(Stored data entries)
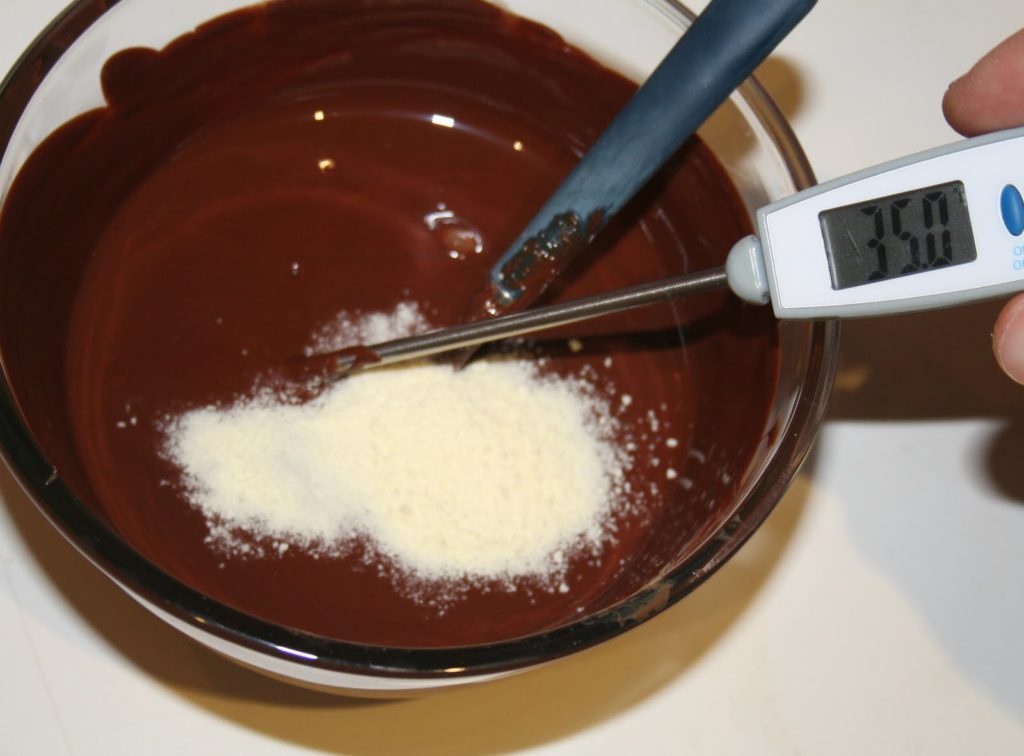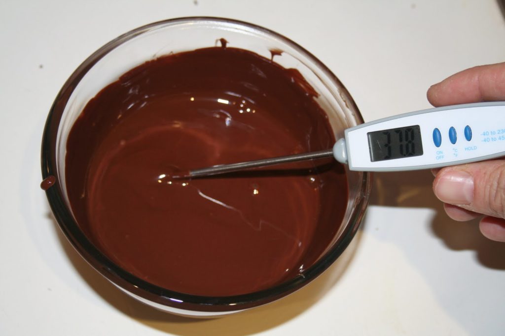 La première est de respecter scrupuleusement une courbe de température, en faisant d’abord fondre le chocolat à une certaine température, qui dépend de quel type de couverture on parle.
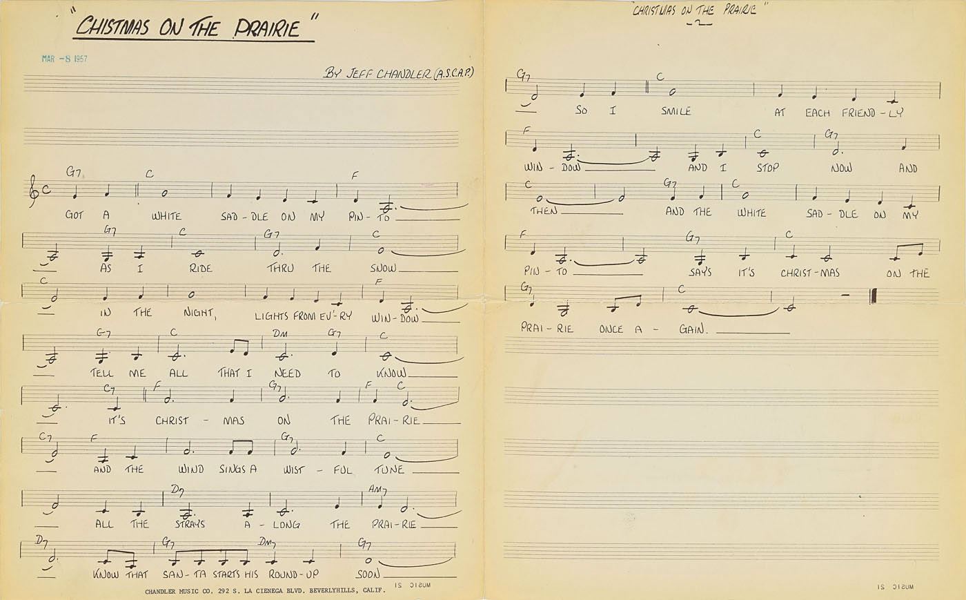 American actor and singer during the 1950s (1918–1961) who earned a Best Supporting Actor Oscar nomination for playing Cochise in the 1950 film Broken Arrow; he died at the age of 42 after complications from a slipped disc surgery. Fantastic archive relating to popular Hollywood actor Jeff Chandler, comprised mostly of humorous and insightful correspondence addressed to his friend and manager Jess Rand, whose estate this collection originates. The archive, dated between 1954 and 1961, consists of five ALSs, a TLS, two handwritten notes, five greeting cards, a handwritten score for the song ‘Christmas on the Prairie,’ and two TLSs from Rand to Chandler, which the latter has copiously annotated in blue and red ballpoint; Chandler signs in a variety of ways, including: “J.,” “J.C.,” “Jeff,” “Jaiff,” “The sick one,” and “The Wandering Jew.”
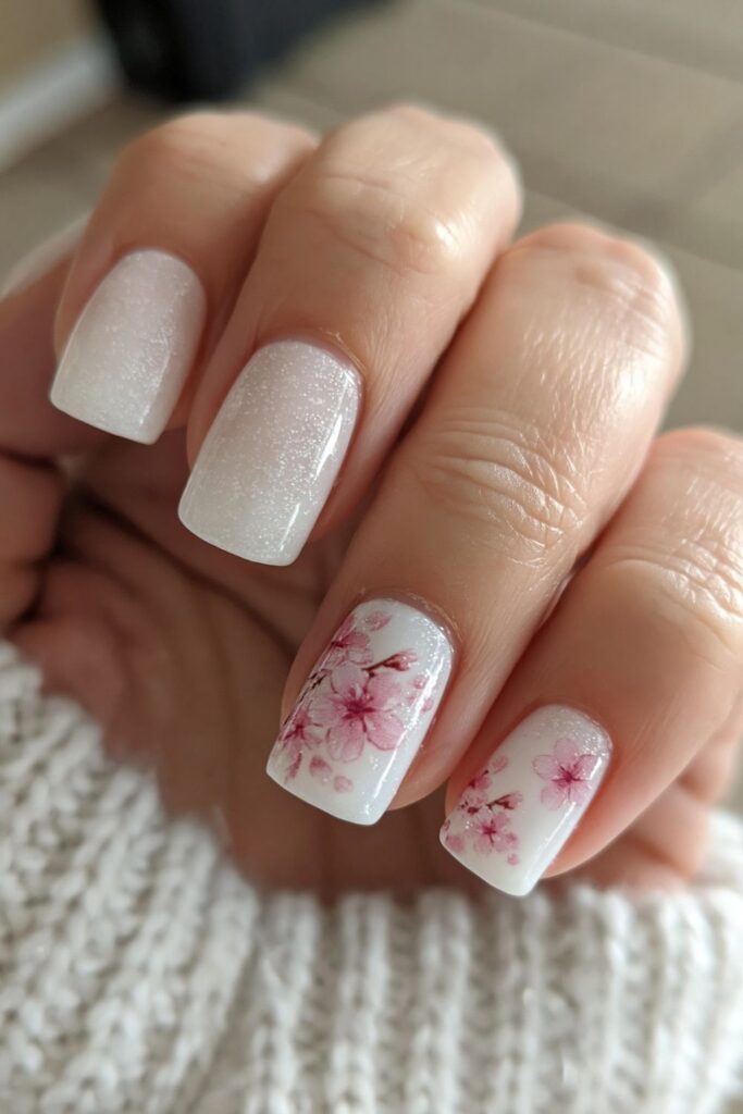 Short square acrylic nails in milky white with small pink cherry blossom designs on accent nails.
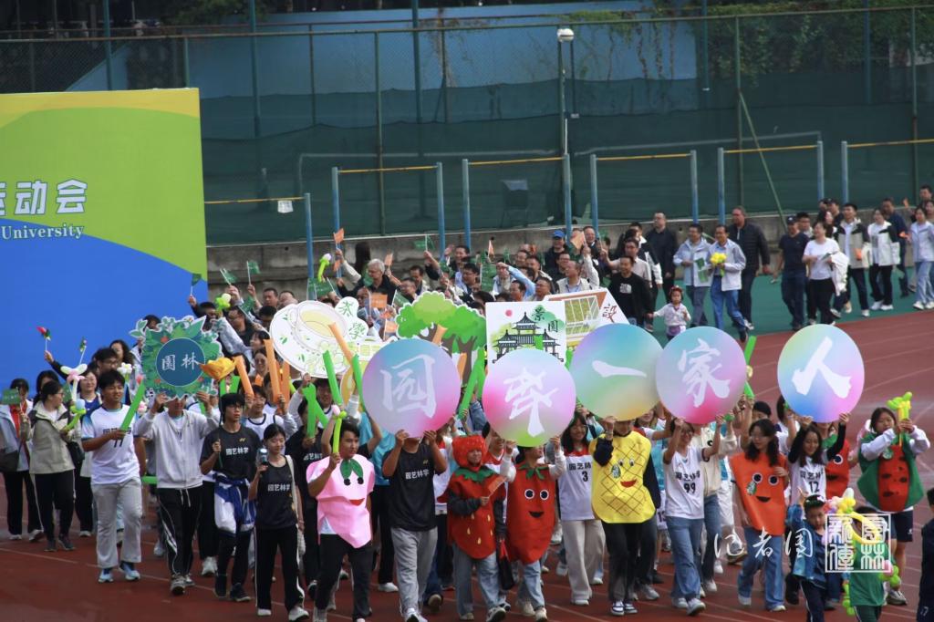 接下来,运动员、裁判员及代表方队陆续入场。贝博ballbet官网方阵创意丰富,尽显活力,与学院特色紧密结合。前排同学身着卡通水果马甲,手举“园林一家人”文字牌;后排同学手持绿色和橙色加油棒,举着代表茶学、园艺、林学、景园、设施五个专业的图案牌,伴随音乐向观礼台前进。
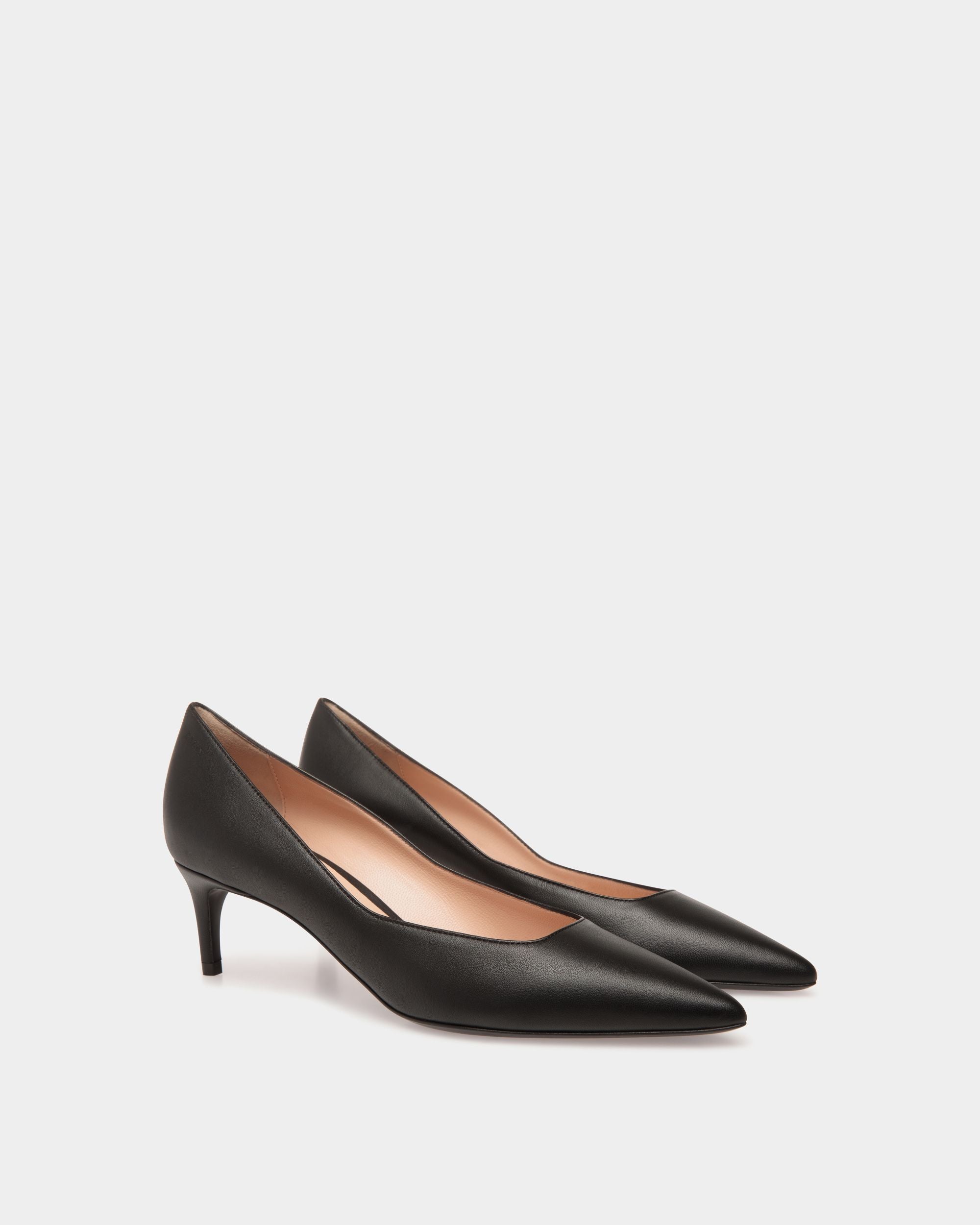 Ces escarpins sont confectionnés en cuir souple. Il présente un talon gainé de cuir et un bout pointu.
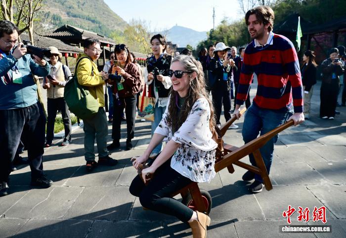图为东北年夜教中邦语教院教员韩凯娜(坐车者)领略诸葛明发现的“木牛淌马”。中新社记者 王磊 摄
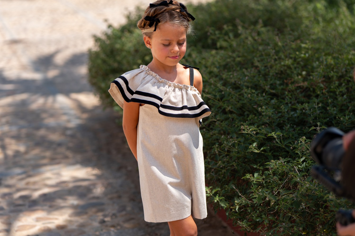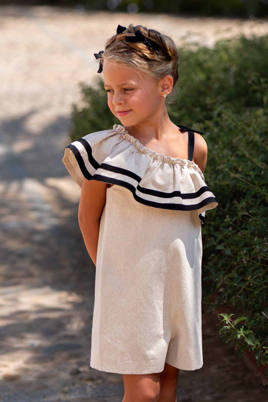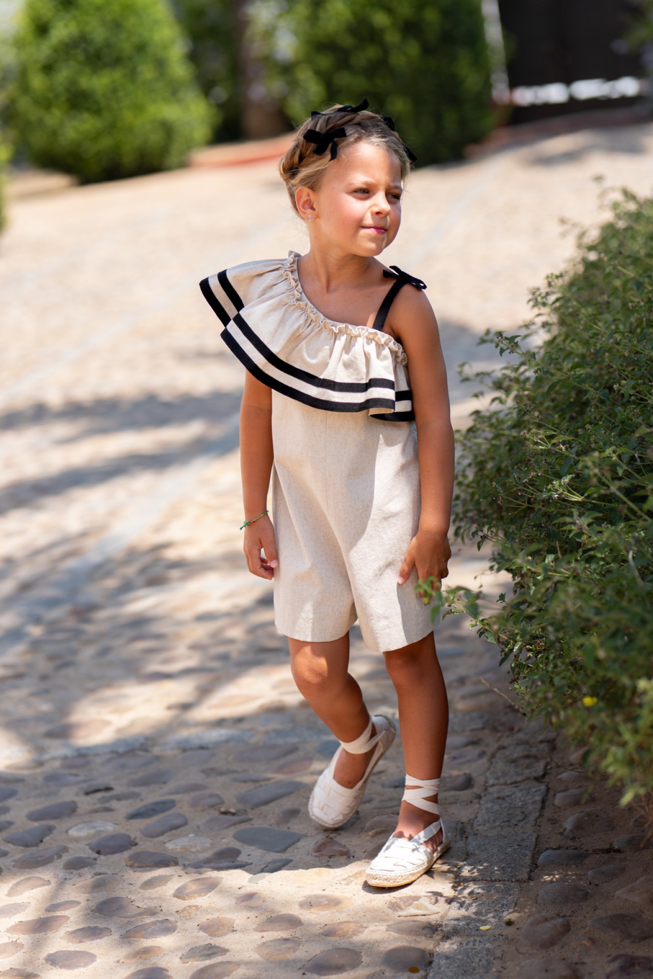 Girls' jumpsuit made from natural linen by the Alhambra Family.
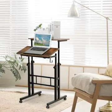 SIDUCAL Mobile Standing Desk, Portable Stand Up Desk, Small Adjustable Standing Desk Converter with Wheels Home Office Workstation, Rolling Desk Laptop Cart for Standing or Sitting, Rustic Brown
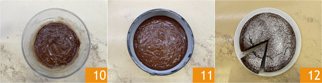 Mezcla por unos instantes con las varillas, para obtener una masa sin grumos y homogénea 10, transfiérela a un molde de 22 cm engrasado y enharinado 11. Cocina en horno estático precalentado a 180°, durante unos 40 minutos, y cuando la tarta 7 vasitos de cacao esté fría, podrás desmoldarla. Espolvorea, si lo deseas, con azúcar glas 12.
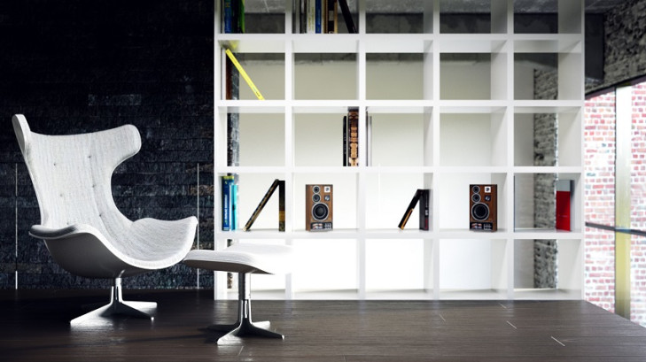 Chiếc ghế trứng (Egg Chair) màu xám hiện đại được đặt phía trước một tủ sách được thiết kế theo kiểu mạng lưới để tạo ra sự kịch tính.
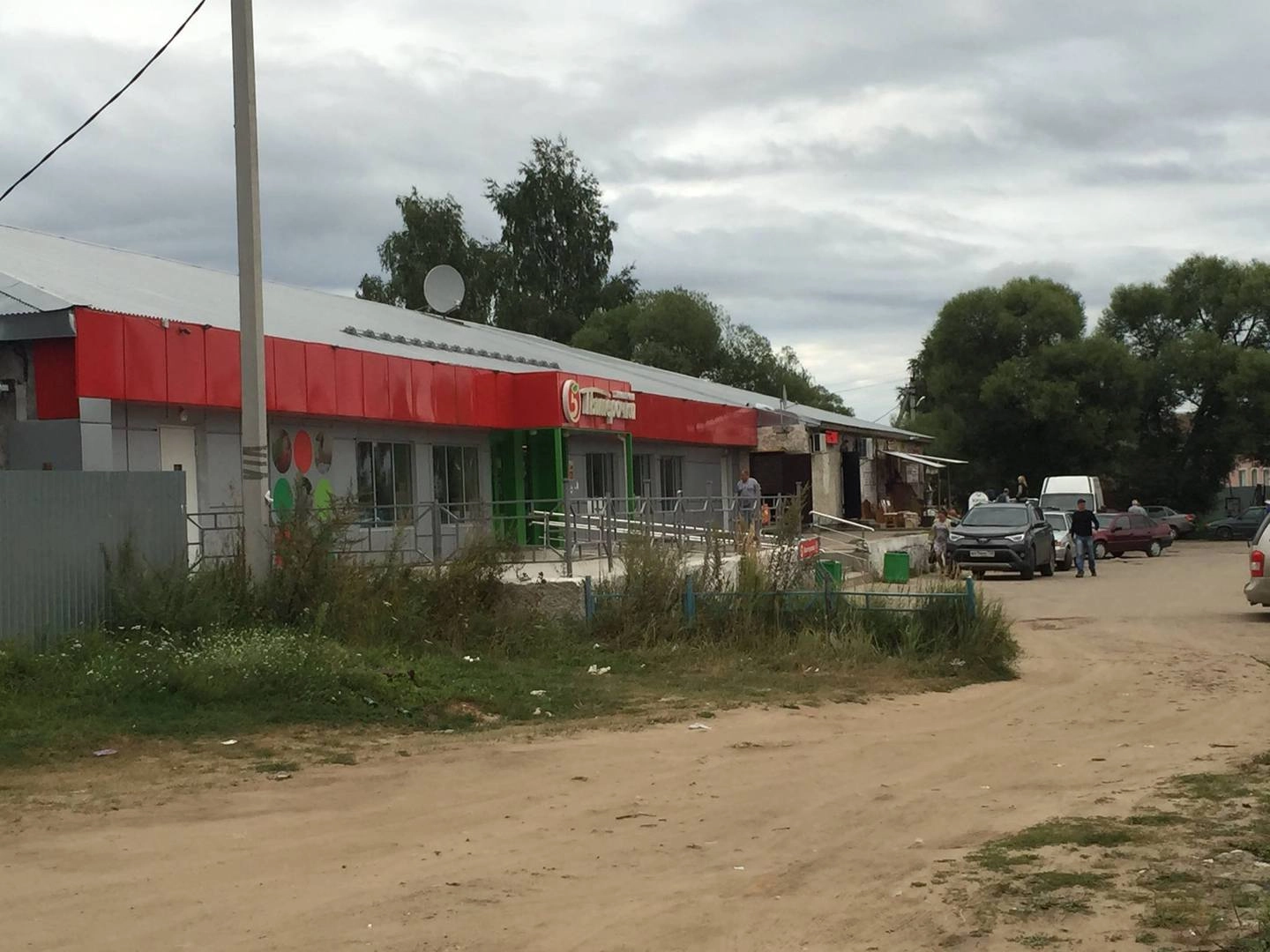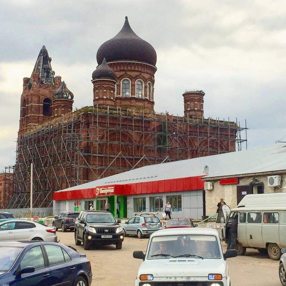 Необычна и окружающая собор площадь. Его окружает два магазина — Пятерочка и Дикси, павильоны по разливу живого пива и офис по продаже шатурской мебели.

## EXERCISE
Transcribe all of the entries word for word, but skip any pictures they contain.

## EXERCISE RESULT
 La première est de respecter scrupuleusement une courbe de température, en faisant d’abord fondre le chocolat à une certaine température, qui dépend de quel type de couverture on parle.
 American actor and singer during the 1950s (1918–1961) who earned a Best Supporting Actor Oscar nomination for playing Cochise in the 1950 film Broken Arrow; he died at the age of 42 after complications from a slipped disc surgery. Fantastic archive relating to popular Hollywood actor Jeff Chandler, comprised mostly of humorous and insightful correspondence addressed to his friend and manager Jess Rand, whose estate this collection originates. The archive, dated between 1954 and 1961, consists of five ALSs, a TLS, two handwritten notes, five greeting cards, a handwritten score for the song ‘Christmas on the Prairie,’ and two TLSs from Rand to Chandler, which the latter has copiously annotated in blue and red ballpoint; Chandler signs in a variety of ways, including: “J.,” “J.C.,” “Jeff,” “Jaiff,” “The sick one,” and “The Wandering Jew.”
 Short square acrylic nails in milky white with small pink cherry blossom designs on accent nails.
 接下来,运动员、裁判员及代表方队陆续入场。贝博ballbet官网方阵创意丰富,尽显活力,与学院特色紧密结合。前排同学身着卡通水果马甲,手举“园林一家人”文字牌;后排同学手持绿色和橙色加油棒,举着代表茶学、园艺、林学、景园、设施五个专业的图案牌,伴随音乐向观礼台前进。
 Ces escarpins sont confectionnés en cuir souple. Il présente un talon gainé de cuir et un bout pointu.
图为东北年夜教中邦语教院教员韩凯娜(坐车者)领略诸葛明发现的“木牛淌马”。中新社记者 王磊 摄
 Girls' jumpsuit made from natural linen by the Alhambra Family.
 SIDUCAL Mobile Standing Desk, Portable Stand Up Desk, Small Adjustable Standing Desk Converter with Wheels Home Office Workstation, Rolling Desk Laptop Cart for Standing or Sitting, Rustic Brown
 Mezcla por unos instantes con las varillas, para obtener una masa sin grumos y homogénea 10, transfiérela a un molde de 22 cm engrasado y enharinado 11. Cocina en horno estático precalentado a 180°, durante unos 40 minutos, y cuando la tarta 7 vasitos de cacao esté fría, podrás desmoldarla. Espolvorea, si lo deseas, con azúcar glas 12.
 Chiếc ghế trứng (Egg Chair) màu xám hiện đại được đặt phía trước một tủ sách được thiết kế theo kiểu mạng lưới để tạo ra sự kịch tính.
 Необычна и окружающая собор площадь. Его окружает два магазина — Пятерочка и Дикси, павильоны по разливу живого пива и офис по продаже шатурской мебели.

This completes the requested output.